IHSG terlihat turun 11,46% atau 742,01 poin ke level 5.730 dari penutupan sebelumnya yang berada dalam level 6.510. Manajemen BEI menegaskan bahwa pada hari ini belum terdapat kegiatan perdagangan dan juga penyelesaian kegiatan pada BEI dikarenakan Hari Libur Bursa.
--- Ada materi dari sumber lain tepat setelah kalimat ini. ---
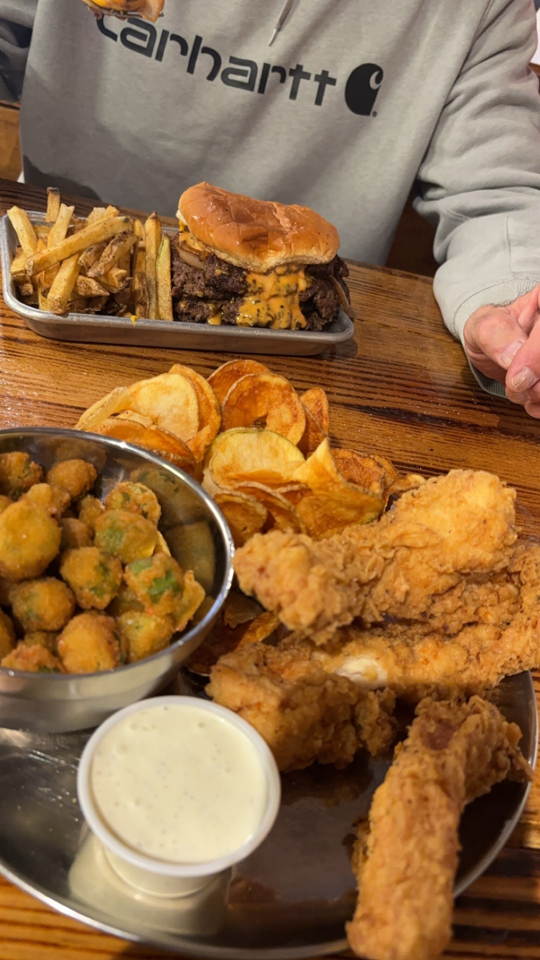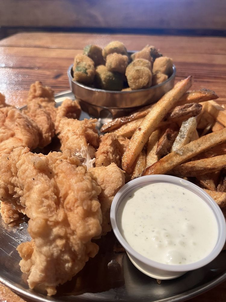 The food was fine! The tenders were cooked nicely and were HUGE! The portions were quite generous and I was able to take some home. The batter had a sort of fish-fry batter flavor to it, which is fine but not my favorite on chicken. The okra was probably the best thing. Not over breaded, very crispy, still tender and green and snappy on the inside. I also enjoyed the clearly house made ranch. Perfect for tenders, fries, and even a piece of okra or two...hehe.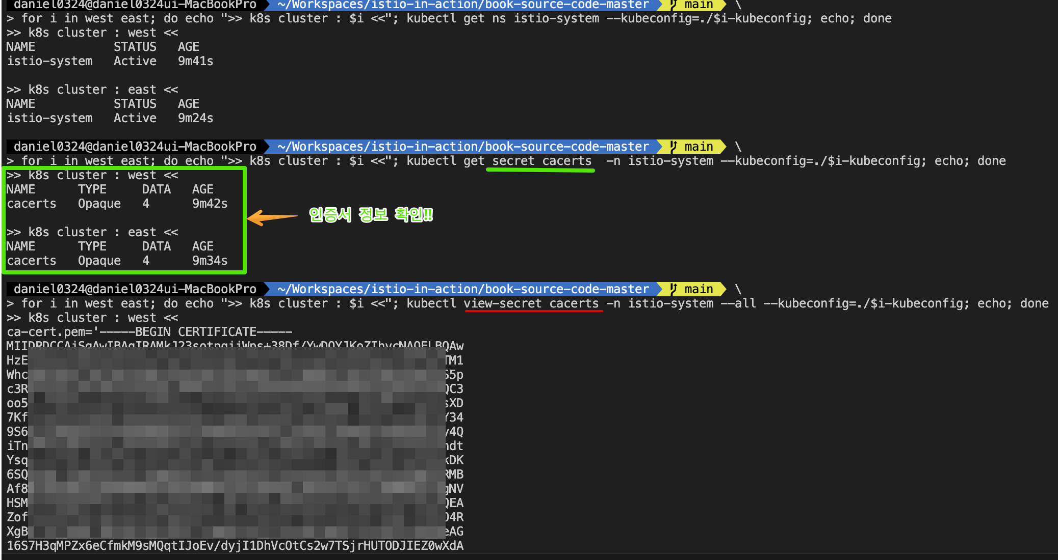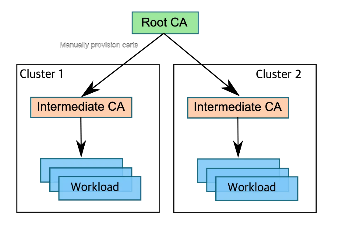 - 여러 클러스터의 워크로드 간에 공통 신뢰 common trust 설정하기 Setting up common trust between workloads of different clusters

Adapun, ketika ini BEI pada proses pengujian internal sistem yang dimaksud dijalankan secara rutin sebagai bagian dari upaya BEI menjaga perdagangan dapat berjalan dengan baik, khususnya pasca melintasi libur panjang.
“Jika menemukan data pengujian, mohon kesediaannya untuk mengabaikan data tersebut,” ujar manajemen BEI pada keterangan resmi, Awal Minggu (7/4).
Sementara, Vice President Marketing, Strategy and Planning Kiwoom Sekuritas Indonesia, Oktavianus Audi memproyeksikan, IHSG akan bergerak melemah di rentang level support 6.150 serta resisten 6.660, walau tren jangka pendek menunjukkan penguatan tren sebelum libur bursa.
Spekulasi pangsa juga diperkirakan meningkat seiring dengan kegelisahan dampak ekonomi, sehingga perpindahan aset dari saham diperkirakan meningkat. Audi menambahkan, pada waktu ini yang tersebut diperlukan bursa yakni terkait respons kemudian pandangan pemerintah menghadapi tarif resiprokal Amerika Serikat tersebut. “Karena bursa membutuhkan langkah mitigasi kemudian strategis ke depannya,” kata Audi.